01 — At a Glance
The Watch That Learned to Run.
- 52-Week High / Low₹421 / ₹149
- Q3 FY26 Revenue₹150.78 Cr
- Q3 FY26 PAT₹3.20 Cr
- TTM EPS₹5.68
- Q3 Standalone EPS₹0.32
- Book Value / Share₹11.8
- Price to Book23.7x
- Debt / Equity0.11x
- ROCE42.6%
- Stock Return (3-Yr)+30.3%
Flash Summary: Timex Group just delivered Q3 FY26 revenue of ₹150.78 crores (+26% YoY), with PAT at ₹3.20 crores. Stock is at ₹280, returned -19.6% in 3 months, trades at 47.7x P/E, and has the most insane 197% ROE you’ve ever seen in a watch company. The promoter just sold 23% stake in an Offer for Sale in Dec 2025. Either the best deal in the market, or a flashing red light. Maybe both.
02 — Introduction
A Watch Brand That Decided to Become a Tech Company Overnight
Let’s talk about Timex. Not the Casio you see at every railway station in Mumbai. Not the “₹3,000 watch from the mall kiosk” kind of brand. We’re talking about the Timex — the one founded in 1854 in Connecticut, the one that’s been making watches longer than India has had a stock market.
Timex Group India came to India in 1988 as a joint venture with Titan, ended that in 2000, and then quietly went about being a subsidiary of its global parent. For 20 years, it was invisible. Trading on the BSE at prices that made investors weep. Then something happened. Q1 FY26, Q2 FY26, Q3 FY26 — suddenly, the company started printing money like it discovered oil in Baddi, Himachal Pradesh (spoiler: the oil is watches).
The Q3 story has two parts. First: the numbers went absolutely ballistic. Revenue up 26%, EBITDA up 122%, profit before tax up 182%. The management came on the call and explained it like they’d just figured out how to sell watches by posting them on Instagram. Second: the promoter, Timex Group Luxury Watches B.V., decided to sell 8.93% stake in December 2025 via an Offer for Sale. Raised ₹2,940 crores. Then held a board meeting in March 2026 and declared a preference dividend because apparently regular dividends are for normies.
Investor Presentation Deep Dive (Feb 3, 2026): Management highlighted Timex Atelier (Swiss-made luxury collection) and Aston Martin watches as the new growth drivers.
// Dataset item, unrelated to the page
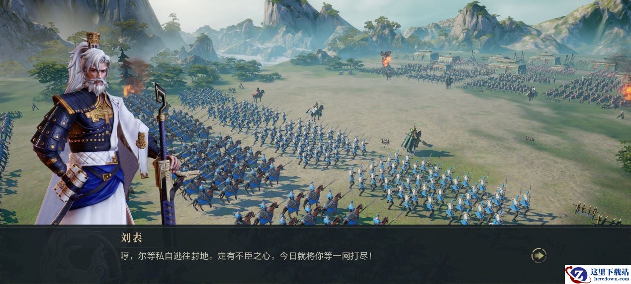 然后随着关二哥和黄月英来进行新手教程,第一战就是抵抗刘表的追击,关羽作为主将拥有主将技,伤害极高,并且以两名将领同时面对敌方一名,可以让我轻松地直讨敌将,在这里说个小Tips,之后的战斗可以先派炮灰去侦查敌人的站位,然后用主力去讨伐,并且用和新手教程一样的策略,两名将领去针对敌方主将,这种行为通常被玩家称作为“爆头”。

The Atelier Marine M1A got coverage from Hodinkee, HYPEBEAST, and every watch enthusiast site in existence. Media impressions: 581 million. Ad value: $1.1 million. This is not a watch company reporting numbers. This is a luxury brand using watches as the vehicle.
03 — Business Model: WTF Do They Even Do?
They Make Watches. Also Jewelry. Also Vibes. Mostly Vibes.
Timex Group India manufactures and sells watches across 15+ global brands: Timex (the workhorse), Versace (for your flex), Guess (for your girlfriend), Philipp Plein (for your ego), Ferragamo (for your taste), Nautica, Missoni, Ted Baker, and whatever iConnect is (smartwatches, probably). They also acquired Just Watches retail stores to own the customer experience end-to-end.
The business model is: design beautiful watches + source movements from Switzerland/Germany + assemble in Baddi, Himachal Pradesh (capacity: 5 million watches/year) + sell through 5,000+ multi-brand outlets, large format stores, luxury retail, defence canteens, and increasingly through e-commerce (Amazon, Flipkart, Myntra, AJIO). Royalty payments to brand owners run 3.6% of revenue. Marketing spend runs 9.1% of revenue.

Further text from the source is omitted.